As of today, Wikipedia's description of these butterflies contains a translation error. Someone has translated the word for the abdominal section of an insect as "body" and thus claimed that the entire body is covered in fine yellow hair. As shown, the thorax and face are black; the back of the head is yellow or white. The abdomen shows black around the breathing pores, but is mostly yellow, often a bright school bus yellow. French Wikipedia has corrected this:



The pale head extends past the black thorax and allows sycorax to share priapus's nickname of White-Headed Swallowtail.


Fair use of a photo found at a site that asks people not only to credit the photographers but to ask their permission to use their pictures...and then provides no information about the photographers, not even a screen name. 

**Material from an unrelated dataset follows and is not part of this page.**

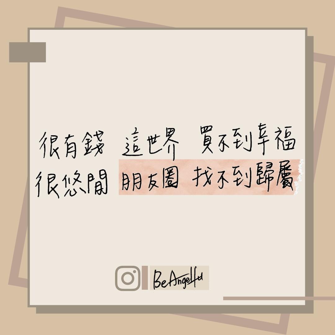 有沒有這種時候呢 就是在你的朋友圈裡 他們好像都有各自自己比較好的朋友 偶爾 或者說 常常 感到沒有歸屬感 . 很悠閒 朋友圈 找不到歸屬--黃鴻升<地球上最無聊的下午>歌詞 . 這句話最近真真切切地打入我心 甚至感到很難過啊! . #手抄歌詞 #地球上最無聊的下午 #黃鴻升 . . . || 呂行者的足跡 || 更多閱讀筆記在 部落格 更多短篇文章在 探路客 臉書粉專 :beangellu INSTAGRAM:beangellu

Although all the Atrophaneuras make toxic meals, and some exude scents strong enough to be noticed (and sometimes disliked) by humans, most of them are exclusively pollinators, not easy to photograph on damp ground, much less on the dung or carrion some other butterflies love. They are one species that don't annoy wounded hikers by slurping up their sweat, tears, or even blood. They usually fly at the altitude of the flowers they are pollinating, which can make them easy to overlook, or more precisely underlook, in forest habitats like this one.


Photo byNLLilew66butterflies.blogspot.com. It's a nature park in Malaysia where sycorax are often seen. NL Liew's records, filled in as updates on a post created during a population irruption in 2014, show that this tropical species' life cycle is shorter (or longer?) than a full year. Scrolling down through Liew's live photos, we come to a faded old female whose beady little eye iridesces distinctly blue


Only in 2018 was Atrophaneura sycorax successfully bred in captivity. No link to the newspaper report of that incident that's available online, because when you click on the link Google provides you don't see any actual story, just a lot of ads and a demand that you pay for an online subscription. 



The caterpillar, like the butterfly, shows less black and red, more white coloring than some of the Atrophaneuras.


Photo by Kctsang2. As the photo suggests, these are large caterpillars, with appetites in proportion to their size. Though the vines they live on are big, fast-growing tropical plants, the caterpillars can defoliate a vine, then "girdle" the stem afrerward...and in the precarious balance of nature, the vines are able to grow back from their roots, so the cycle continues.


Like other swallowtail caterpillars, they go through five different skins, each skin bigger and slightly more colorful than the one before, between the inert egg stage and the inert pupa stage. The caterpillar photographed above was captive-bred, not an especially large individual. If its human's fingers are two and a half to three inches long, then the caterpillar was between four and five inches. Harmless unless swallowed, it was allowed to crawl over its human's fingers in a trendy but confusing way to illustrate its size to people who may be confused by inches, centimeters, and older culture-specific units of measurement. 

All swallowtail caterpillars have slightly wider "shoulder" segments that contain an osmeterium, or "stink horns," of erectile tissue that pops out from between folds of flesh lubricated with the species-specific scent. Most species whose scent has been described by humans are said to smell sweet and fruity, perhaps like ripe pineapples or mangoes. Some of the Atrophaneuras are said to smell more musky and disagreeable. 

The pupa, like these photographed by Tuahmaulana, also fits into the general Atrophaneura pattern while looking unique.